I'm still not convinced. There are some (and were more) very fine quality castings available on the hobby market and many include cast-in rectangular section ports (Stuarts come to mind here).

The clincher, to my mind, is the use of studs and nuts in such a small engine, almost invariably, a commercial engine of that size would use commercial fasteners.

Nope, unless it is a commercial engine that has been heavily re-worked, I am still of the opinion that it has been home built. The level of detail is too high to be otherwise. 

As an example, here is a beautifully executed version of the Stuart No.9


----------



## Cedge (Dec 27, 2010)

As a long time collector of these kinds of engines, I'm going to have to back Tel on this one. It's not an engine I can say I've seen before, but it does have all the hallmarks of a hand made engine, probably from an old kit. There were many sources, some very small and in and out of business in a short time. Not that unusual to see oilers on them or crowned flywheels, for that matter. Several have come through here with those features.

Could it be a real world engine? Anything is possible, and I've seen engines of similar size that powered sewing machines, dental equipment, small tools, an organ blower and even pumping bodily fluids in a funeral home. This one just doesn't ring right for and finish of commercial engines of the era. Commercially produced engines of those times tended to have a bit more flourish to the body and tended to be more decorative, even down to pin striping and calligraphy.

You're not likely to find a whole lot of information, unless lady luck is on your side. Once the story behind an old engine is lost, it is extremely rare that you ever get even a whiff of it again.

Steve


----------



## idahoan (Dec 27, 2010)

It appears to me that the base and bearing stands were probably machined from solid stock; in the close up pictures you can almost see the cutter marks from the shaper. Maybe Roman can confirm this.

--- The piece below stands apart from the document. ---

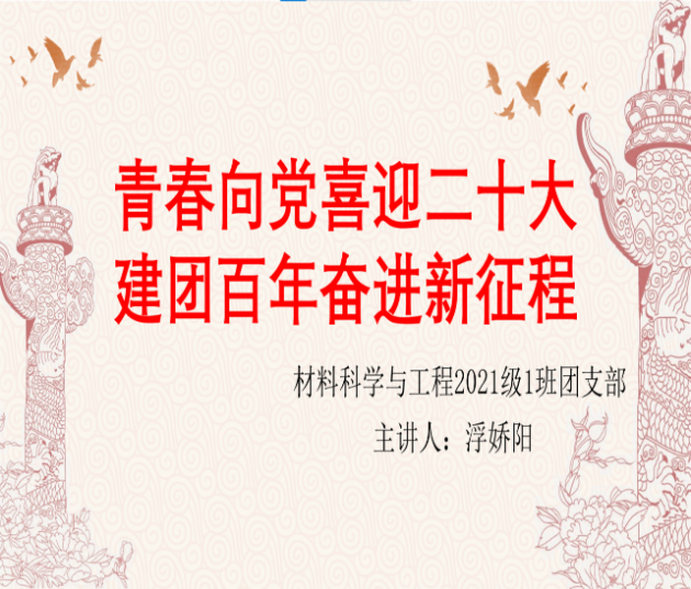 3月13日,材料21-1团支部通过腾讯会议开展“喜迎二十大,永远跟党走”线上主题团日活动,活动由团支部书记浮娇阳主持,支部全体成员参加。

It really is a nice engine though.

Dave


----------



## roman (Dec 28, 2010)

Thanks everyone for replying to this post, I liked reading everyone's thoughts.

Here are a few more photos, one of them here and the rest on my Photobucket album:






Album: http://s808.photobucket.com/albums/zz10/romyald/Steam engine/

I would like to ask if anyone can make me oil cups, like in this photo:






I need about 4-6, two of the oil cups need to have caps made of the same material. If anyone can help me, it doesn't matter where you live. I can send an example in the mail. I will pay with any method (money order, check, PayPal, etc.). Thanks!


----------



## steamer (Dec 28, 2010)

Hi Pat,

I have a PM Research bottle engine with crowned flywheels.....and they were machined in.

Dave


----------



## Dan Rowe (Dec 28, 2010)

No one has mentioned that the flywheel is two different colors, This could be paint or a made up flywheel. A built up flywheel would make me think home built.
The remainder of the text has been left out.